The real difficulty there is the Supreme Court has said individuals can spend as much as they want independent of candidates, that's a First Amendment issue. And as long as we're dealing with that, you have the potential for a billionaire coming in and overwhelming the race. We now have this fellow Bob Perry in Texas of the Swift Boat fame, who is doing what George Soros did the last time, except he is doing it with attack ads. Soros was doing it much more with get-out-the-vote efforts.
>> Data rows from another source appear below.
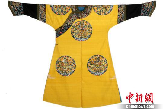 清黃緙絲五彩八團金龍袷袍,此袍為清朝皇后在宮中參加節慶活動穿著的吉服袍。沈陽故宮供圖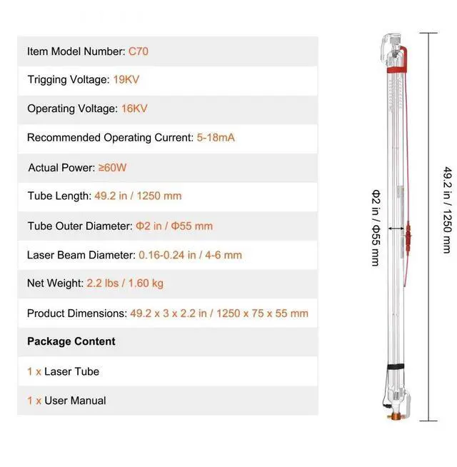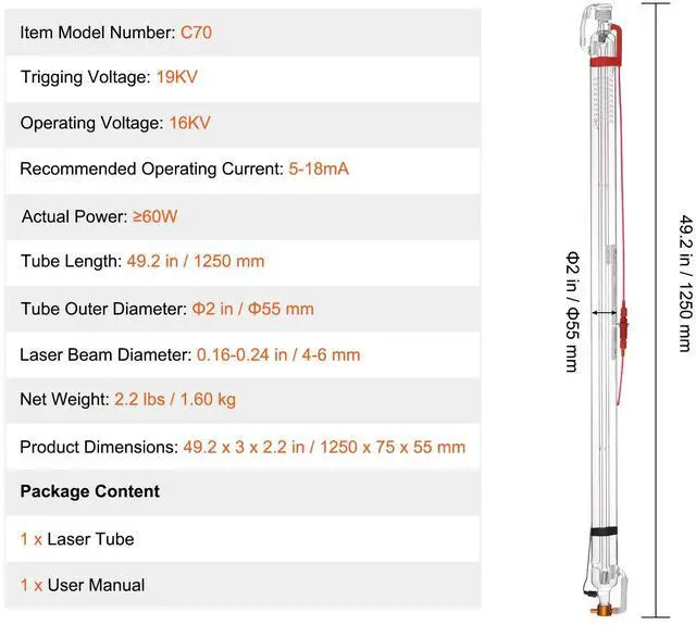 Actual Power: 60W,Operating Voltage: 16KV,Tube Outer Diameter: 2 in / 55 mm,Item Model Number: C70,Trigging Voltage: 19KV,Recommended Operating Current: 5-18mA,Laser Beam Diameter: 0.16-0.24 in / 4-6 mm,Product Dimensions: 49.2 x 3 x 2.2 in / 1250 x 75 x 55 mm,Tube Length: 49.2 in / 1250 mm,Net Weight: 2.2 lbs / 1.60 kg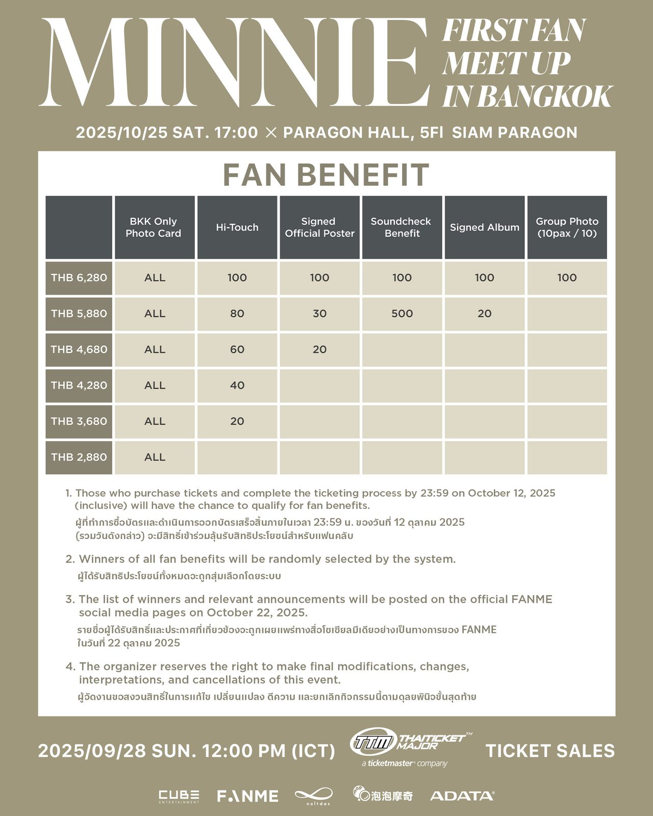 งานนี้เปิดจำหน่ายบัตรวันอาทิตย์ที่ 28 กันยายน 2568 เวลา 12.00 น. เป็นต้นไป ทางเว็บไซต์ .thaiticketmajor ราคาบัตร 6,280 / 5,880 / 4,680 / 4,280 / 3,680 และ 2,880 บาท ลุ้นรับเบเนฟิต อาทิ Thailand Exclusive Photo Card , Hi-Touch , Signed Poster , Soundcheck , Signed Album และ Group Photo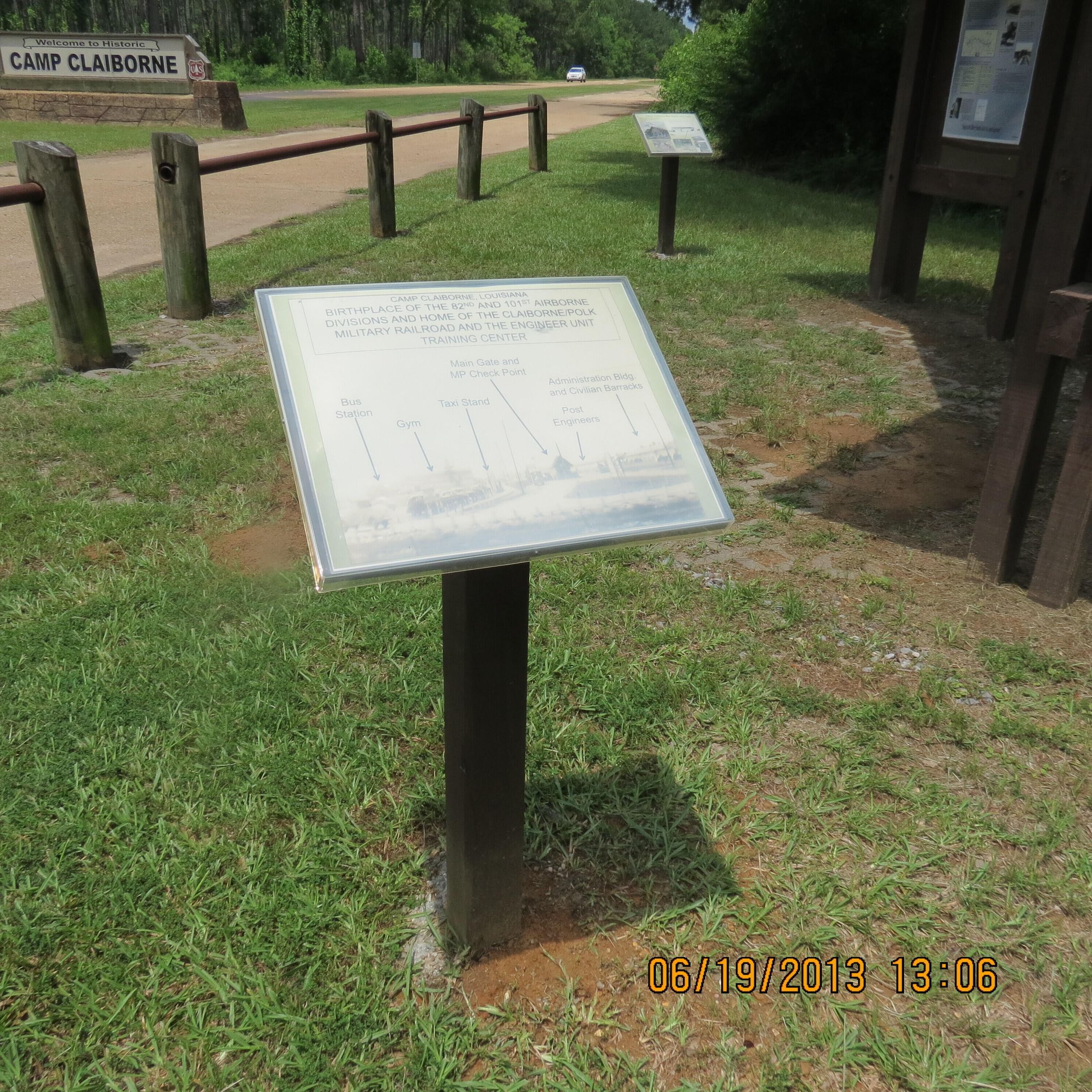 the kiosk of the Camp Claiborne site; the various label signs that give history and some pictures of buildings that were once seen at Camp Claiborne; the 82nd headquarters and division; the bus station and gymPhotograph Details

But you are always going to have to deal with that. The other interesting issue here is these ads that the parties are financing, but where they don't have the responsibility for them, you know, it is such a hoot to hear the chairman of the Republican National Committee with this ad that ran in Tennessee...

CAFFERTY: In Tennessee.


ORNSTEIN: The "call me" ad, saying, well, we financed it, the tag line says "the Republican National Committee is responsible" for it, but I had no control over it. We can deal with this sham, frankly, by taking away artificial limits on what the parties can spend and basically make them responsible for what they're doing and link them to the candidates, so that a candidate can't get into his own sham of saying, oh, I hate this, but i had nothing to do with it. It's just not right.

SERWER: All right, we're going to have to leave it at that, obviously, topic A grist. And we appreciate you coming on the program. That's Norm Ornstein, who is the resident scholar at the American Enterprise Institute. Thanks, Norm.

ORNSTEIN: My pleasure.

SERWER: Coming up after the break, a herd of cash cows. Find out who is the biggest winner in the campaign ad blitz.

Plus, free love, see how politicians are getting attention from young voters without spending a cent.

And red states, blue states, and pink slips. We'll see what this election means for employment and the rest of the economic picture.


CAFFERTY: Well, you have to excuse the big smiles on the faces of some of our bosses these days around here. You see, the midterm election is setting a record for spending on campaign TV ads, and guess who makes all the big profits on that?

No matter who wins on election day, we win. Doesn't matter which way the election goes. managing editor Allen Wastler has more on all that in our special election edition of "The Numbers."

And the number is large.

ALLEN WASTLER, CNNMONEY.COM MANAGING EDITOR: And the number is $1.8 billion and we're still counting. The experts say it could get up to $2 billion with the political ads that they're buying this year. That is more than the last election, which was $1.7 million. And it's more than double what was in the last midterm election, which was $966 million.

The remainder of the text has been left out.